Cuando faltaban dos días para fin de año, mi amigo Tony me invitó a tomar un rico vino a su casa. Eso no lo rechazo nunca, aunque llueva o truene. Vivo cerca de la estación, pero desde que me compré el Toyota, hace veinte años, no volví a viajar en subte.

   Sin embargo, esa tarde decidí prescindir de mi querido auto e ir bajo tierra. No sabía si quería pasar la noche del treinta y uno con Tony y su tía, o solo en casa.

   Camino a la estación pensé en comprar algo para no caer con las manos vacías. En Europa aprendí que eso es mala educación. Pasé por varios negocios pero no me decidí por ninguno. Ma sí, me dije, ¿acaso Tony es mi novia? Cuando venga a casa le doy un poco de vino o unas cervezas y listo. Me gusta más la cultura latina.

   Para llegar tenía que hacer diez estaciones. Hasta podía ser divertido.
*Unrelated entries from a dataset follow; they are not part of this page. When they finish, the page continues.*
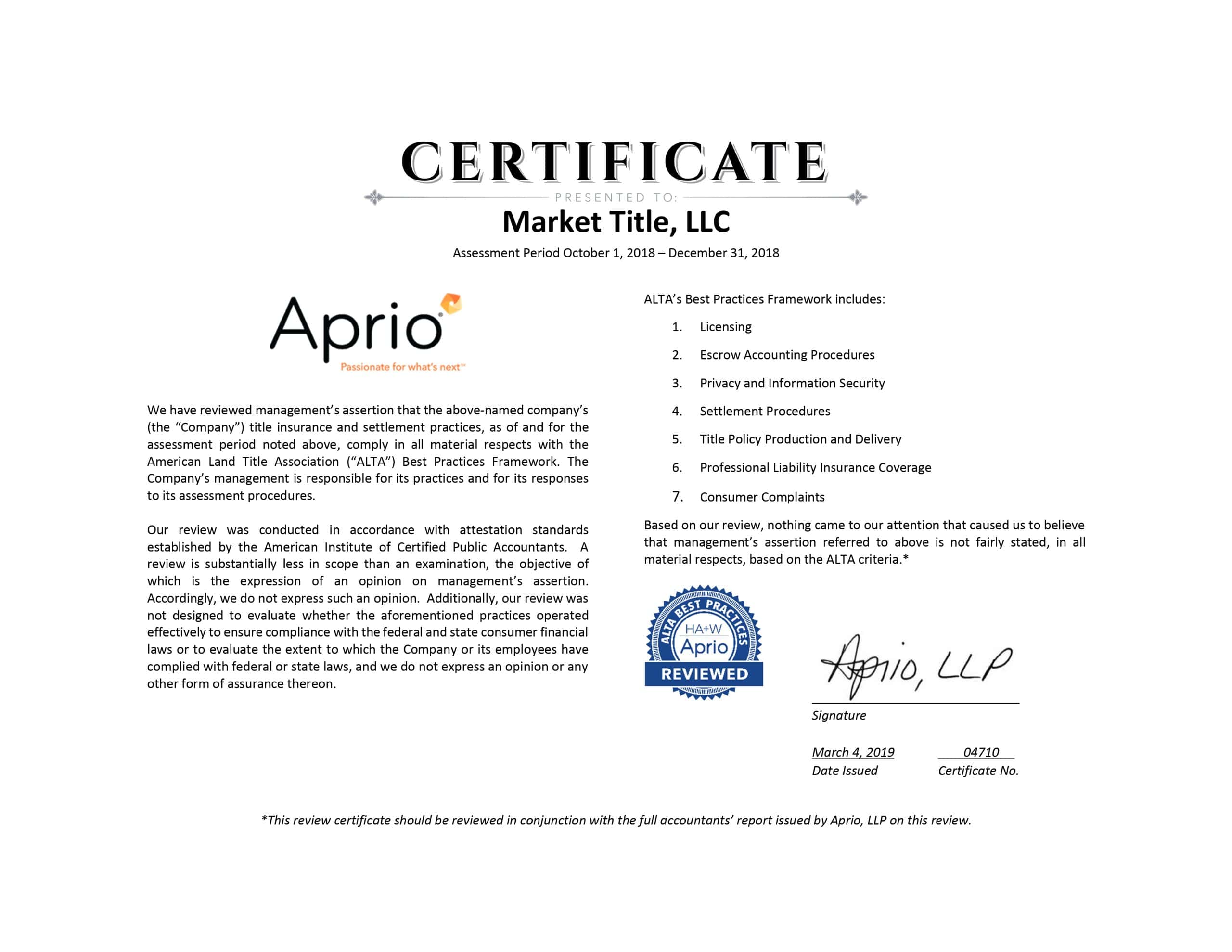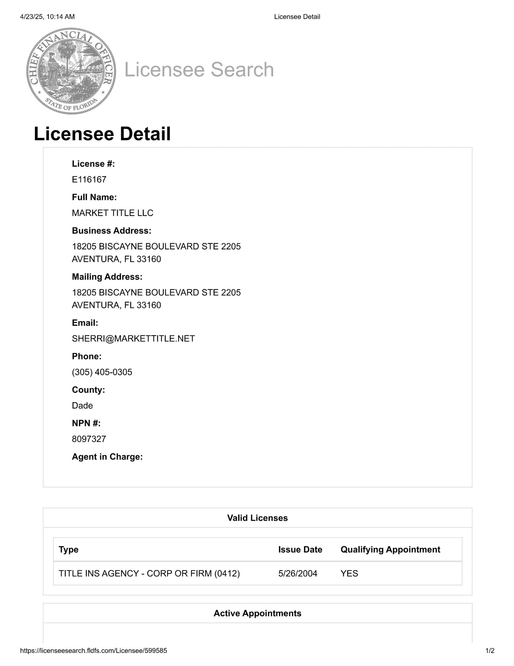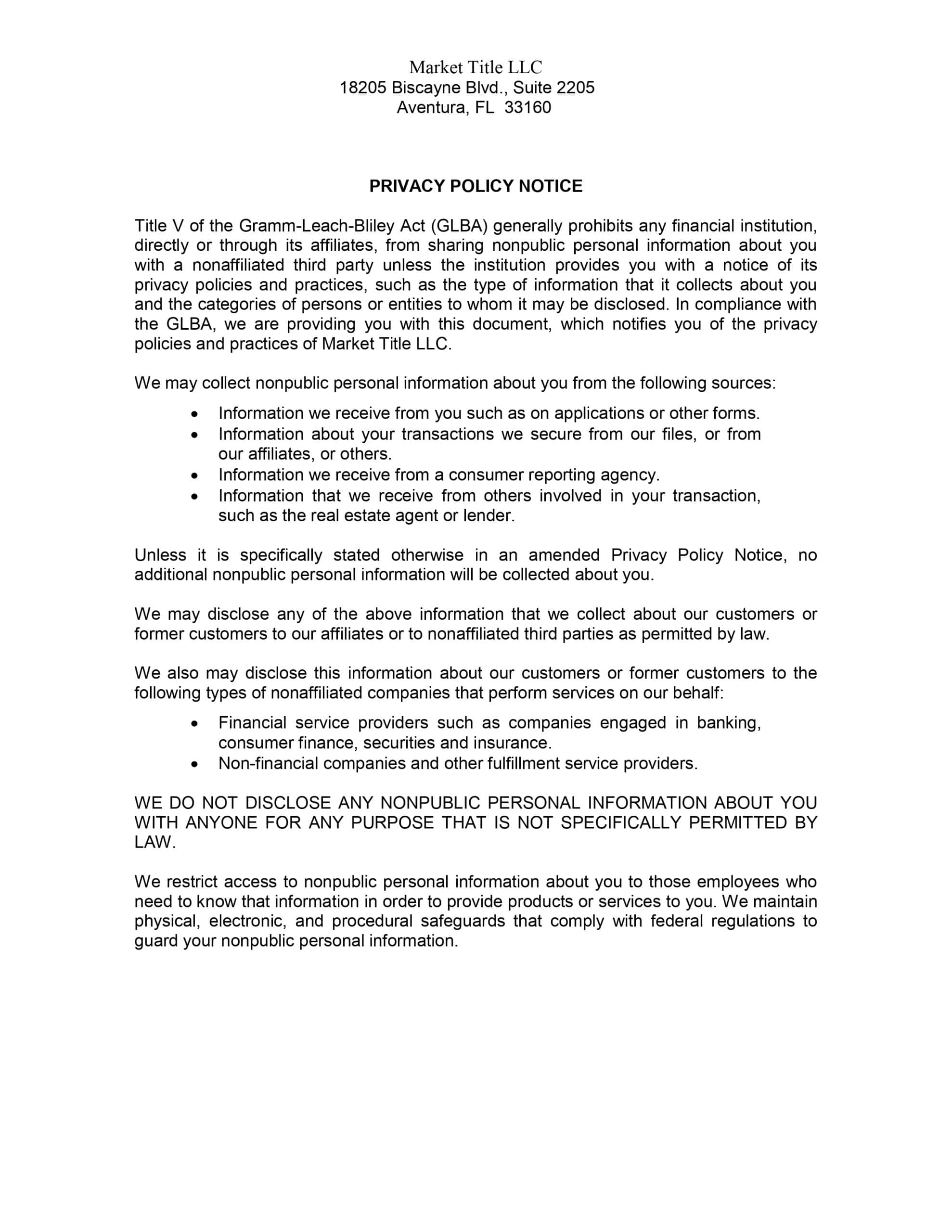 Market Title Office Information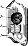 Рис. 1.2. Микрополости в кварце: 1 – кристалл сильвина; 2 – кристалл галита; 3 – пузырек газа; 4 – жидкая фаза. Прозрачный шлиф, увеличение 900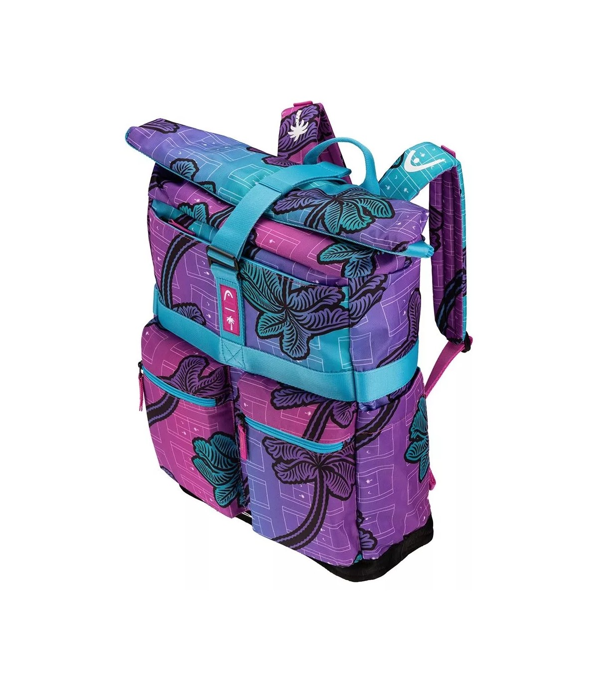 Its unique design, adorned with a palm tree pattern in vibrant shades of blue and purple, offers a fun and dynamic look that won't go unnoticed. Whether you're heading to a tennis match or taking a stroll through the city, this backpack will attract all eyes.

Me sentí un turista explorando el subsuelo de la ciudad.

   Las cosas no habían cambiado demasiado: gente apurada, el piso sucio, las paredes pintadas con graffitis (de un lado decía “Macri Gato”, del otro “K chorros”), y la cola para comprar el cospel. Ok, ahora se usa una tarjeta magnética, lo cierto es que había que hacer cola. De las tres ventanillas sólo una estaba abierta. Que la escalera mecánica no anduviera me pareció sólo un detalle. Hace diez años ni siquiera había.

   Llegué al andén y me puse a mirar cada una de las cosas, quería ver cada detalle, como un burgués con aires de excentricidad curioseando en el mundo de los pobres. Yo no soy rico, pero tener el Toyota me da cierto estatus. Al menos, eso dicen. Qué extraño, pensé, no hay ratas paseando por los rieles. Se lo voy a contar a mis amigos de Londres en el próximo e-mail.
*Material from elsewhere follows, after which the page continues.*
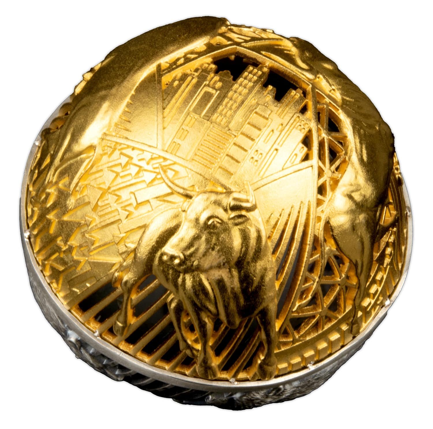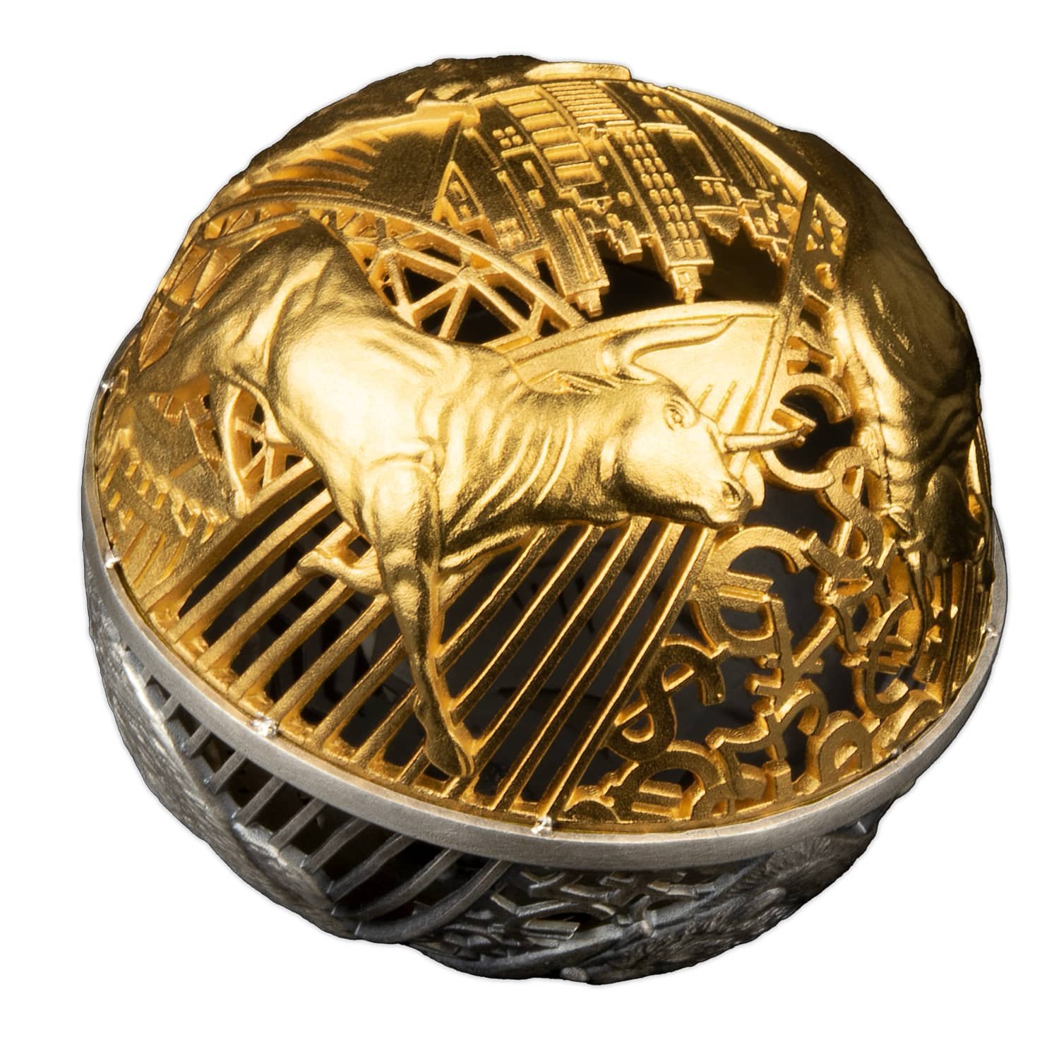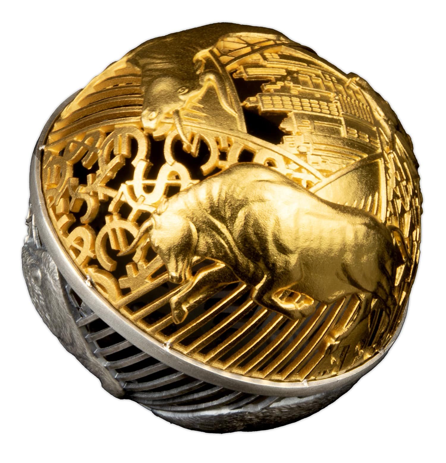 2 oz Silver Bull & Bear Opposites Attract Filigree Cut Out Spherical Coin 2022

   El subte no venía. Durante la espera, el andén se fue llenando de gente. Cuando las luces del convoy aparecieron, las personas se apilaron para entrar en primer lugar.

  Comenzaba a maldecir mi espíritu aventurero. Pero ya era tarde. Adentro, a los empujones, entre codazos, apoyadas, todo valía. Ley de la selva pura. Una vuelta genuina al estado de naturaleza.

   Las primeras tres estaciones las hice con los pies en el aire, sostenido por dos espaldas anónimas. Entre los pasajeros existía tolerancia a la incomodidad, como si fuera algo natural. Me di ánimo pensando en el vino que tomaría en lo de Tony.

   En Bulnes subió un morocho de nariz ancha, grandote, uno de esos que invitan a cruzar de calle. Su celular escupía cumbia. Para colmo se paró a mi lado. Hubo tiempo para más: antes de que se cerraran las puertas, entró un perro sarnoso y rengo que se acomodó en el medio del pasillo, pero en la curva de Pueyrredón alguien le pisó la cola y fue a refugiarse debajo de los asientos.

  Yo no podía evitar palpar mi billetera.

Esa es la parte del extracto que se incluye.